Pro. Mendelson, who works at Grote Schur Hospital and the University of Cape Town, said the restrictions should be rolled back. “Not only are they pointless, but they are unnecessarily destroying economies, exacerbating social distress and deeply impacting families that are once again falling apart,” he said.
The new version follows a sharp rise in COVID-19 cases in South Africa’s economic heartland Gauteng province, where the cities of Johannesburg and Pretoria are located.
This surge, in turn, is driving a significant national increase in cases, which appears to be the start of a fourth wave of the pandemic. Officials reported 4,373 new cases of COVID-19 in South Africa on Tuesday. This represents a positivity rate of 10.2 percent. Barely a week ago, the positivity rate in South Africa was only 2 per cent.

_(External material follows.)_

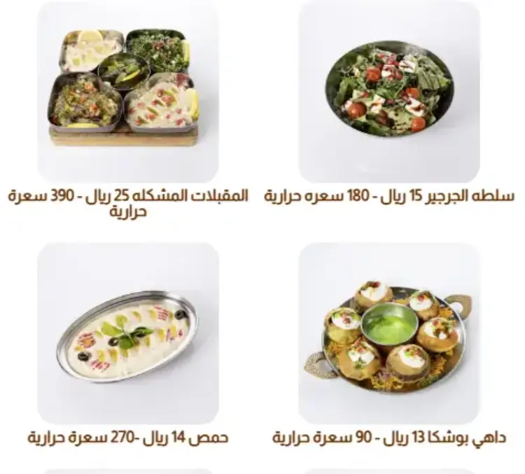 طبق المقبلات المشكله يحتوي على 390 سعرة حرارية بسعر 25 ريال.

The World Health Organization said in an advisory issued on Tuesday that the travel restrictions would not stop the international spread of the new variant, and would “put a heavy burden on lives and livelihoods.” In addition, the restrictions could harm global health efforts during a pandemic, discouraging countries from reporting and sharing their data on new forms and cases, the WHO said.
The agency’s director general, Tedros Adhanom Ghebreyesus, thanked South Africa and Botswana for locating, sequencing and reporting the new variant, as fast as they did.
“It is very worrying to me that those countries are now being punished by others for doing the right thing,” Dr. Tedros said at a briefing for the agency’s member states in Geneva on Tuesday.
“I am equally concerned that many member states are introducing blunt, blanket measures that are not evidence-based or effective on their own, and which will only worsen inequalities,” he said.